Copy each line below exactly as it appears. Pictures are to be omitted.

SUPPLIED MATERIAL:
┌────────
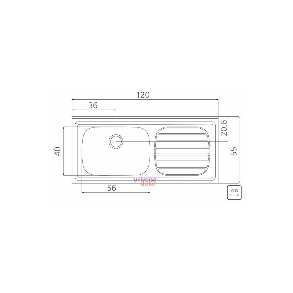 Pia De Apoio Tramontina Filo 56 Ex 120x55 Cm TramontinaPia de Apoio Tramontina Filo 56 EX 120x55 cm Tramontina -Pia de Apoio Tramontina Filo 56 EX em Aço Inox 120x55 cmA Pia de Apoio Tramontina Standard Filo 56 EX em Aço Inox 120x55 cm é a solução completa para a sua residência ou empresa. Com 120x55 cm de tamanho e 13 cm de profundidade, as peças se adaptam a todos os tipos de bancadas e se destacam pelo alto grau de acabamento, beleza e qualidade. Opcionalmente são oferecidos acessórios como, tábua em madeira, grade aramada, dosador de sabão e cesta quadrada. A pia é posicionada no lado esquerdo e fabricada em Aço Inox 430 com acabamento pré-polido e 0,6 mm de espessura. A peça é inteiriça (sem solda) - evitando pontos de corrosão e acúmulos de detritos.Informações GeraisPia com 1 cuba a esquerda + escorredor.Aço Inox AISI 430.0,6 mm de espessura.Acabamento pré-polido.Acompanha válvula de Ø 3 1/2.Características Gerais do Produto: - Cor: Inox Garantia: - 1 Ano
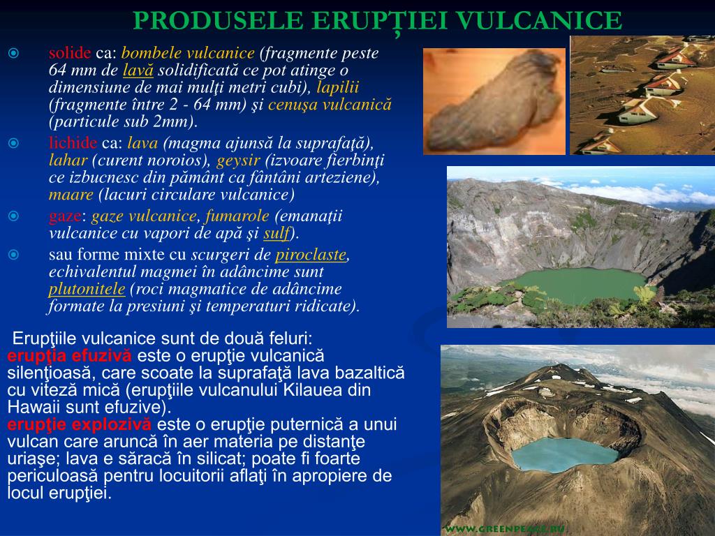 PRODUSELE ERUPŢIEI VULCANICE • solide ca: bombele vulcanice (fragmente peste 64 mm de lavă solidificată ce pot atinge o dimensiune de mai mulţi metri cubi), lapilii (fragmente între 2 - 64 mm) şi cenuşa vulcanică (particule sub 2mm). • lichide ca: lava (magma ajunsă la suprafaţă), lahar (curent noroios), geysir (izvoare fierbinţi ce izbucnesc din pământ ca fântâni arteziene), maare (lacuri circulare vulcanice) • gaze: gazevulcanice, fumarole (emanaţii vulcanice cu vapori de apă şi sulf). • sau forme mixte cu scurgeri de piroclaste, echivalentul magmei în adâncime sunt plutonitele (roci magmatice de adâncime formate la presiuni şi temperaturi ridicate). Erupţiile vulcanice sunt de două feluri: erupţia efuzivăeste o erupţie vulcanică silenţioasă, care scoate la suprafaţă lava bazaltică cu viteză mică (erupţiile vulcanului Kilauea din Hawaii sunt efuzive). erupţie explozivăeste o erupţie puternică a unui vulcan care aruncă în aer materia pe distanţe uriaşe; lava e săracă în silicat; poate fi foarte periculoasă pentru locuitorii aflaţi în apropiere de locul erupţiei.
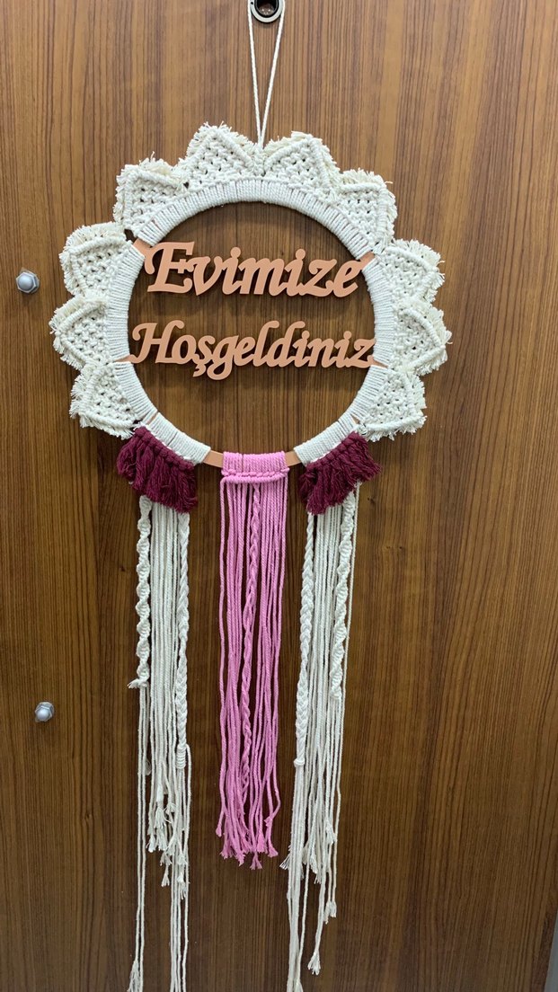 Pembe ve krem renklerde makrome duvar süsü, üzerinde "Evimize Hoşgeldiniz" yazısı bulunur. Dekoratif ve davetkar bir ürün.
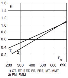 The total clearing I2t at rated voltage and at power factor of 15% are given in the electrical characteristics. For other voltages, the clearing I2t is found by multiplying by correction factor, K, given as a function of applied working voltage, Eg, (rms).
└────────
RESPONSE:
 Pia De Apoio Tramontina Filo 56 Ex 120x55 Cm TramontinaPia de Apoio Tramontina Filo 56 EX 120x55 cm Tramontina -Pia de Apoio Tramontina Filo 56 EX em Aço Inox 120x55 cmA Pia de Apoio Tramontina Standard Filo 56 EX em Aço Inox 120x55 cm é a solução completa para a sua residência ou empresa. Com 120x55 cm de tamanho e 13 cm de profundidade, as peças se adaptam a todos os tipos de bancadas e se destacam pelo alto grau de acabamento, beleza e qualidade. Opcionalmente são oferecidos acessórios como, tábua em madeira, grade aramada, dosador de sabão e cesta quadrada. A pia é posicionada no lado esquerdo e fabricada em Aço Inox 430 com acabamento pré-polido e 0,6 mm de espessura. A peça é inteiriça (sem solda) - evitando pontos de corrosão e acúmulos de detritos.Informações GeraisPia com 1 cuba a esquerda + escorredor.Aço Inox AISI 430.0,6 mm de espessura.Acabamento pré-polido.Acompanha válvula de Ø 3 1/2.Características Gerais do Produto: - Cor: Inox Garantia: - 1 Ano
 PRODUSELE ERUPŢIEI VULCANICE • solide ca: bombele vulcanice (fragmente peste 64 mm de lavă solidificată ce pot atinge o dimensiune de mai mulţi metri cubi), lapilii (fragmente între 2 - 64 mm) şi cenuşa vulcanică (particule sub 2mm). • lichide ca: lava (magma ajunsă la suprafaţă), lahar (curent noroios), geysir (izvoare fierbinţi ce izbucnesc din pământ ca fântâni arteziene), maare (lacuri circulare vulcanice) • gaze: gazevulcanice, fumarole (emanaţii vulcanice cu vapori de apă şi sulf). • sau forme mixte cu scurgeri de piroclaste, echivalentul magmei în adâncime sunt plutonitele (roci magmatice de adâncime formate la presiuni şi temperaturi ridicate). Erupţiile vulcanice sunt de două feluri: erupţia efuzivăeste o erupţie vulcanică silenţioasă, care scoate la suprafaţă lava bazaltică cu viteză mică (erupţiile vulcanului Kilauea din Hawaii sunt efuzive). erupţie explozivăeste o erupţie puternică a unui vulcan care aruncă în aer materia pe distanţe uriaşe; lava e săracă în silicat; poate fi foarte periculoasă pentru locuitorii aflaţi în apropiere de locul erupţiei.
 Pembe ve krem renklerde makrome duvar süsü, üzerinde "Evimize Hoşgeldiniz" yazısı bulunur. Dekoratif ve davetkar bir ürün.
 The total clearing I2t at rated voltage and at power factor of 15% are given in the electrical characteristics. For other voltages, the clearing I2t is found by multiplying by correction factor, K, given as a function of applied working voltage, Eg, (rms).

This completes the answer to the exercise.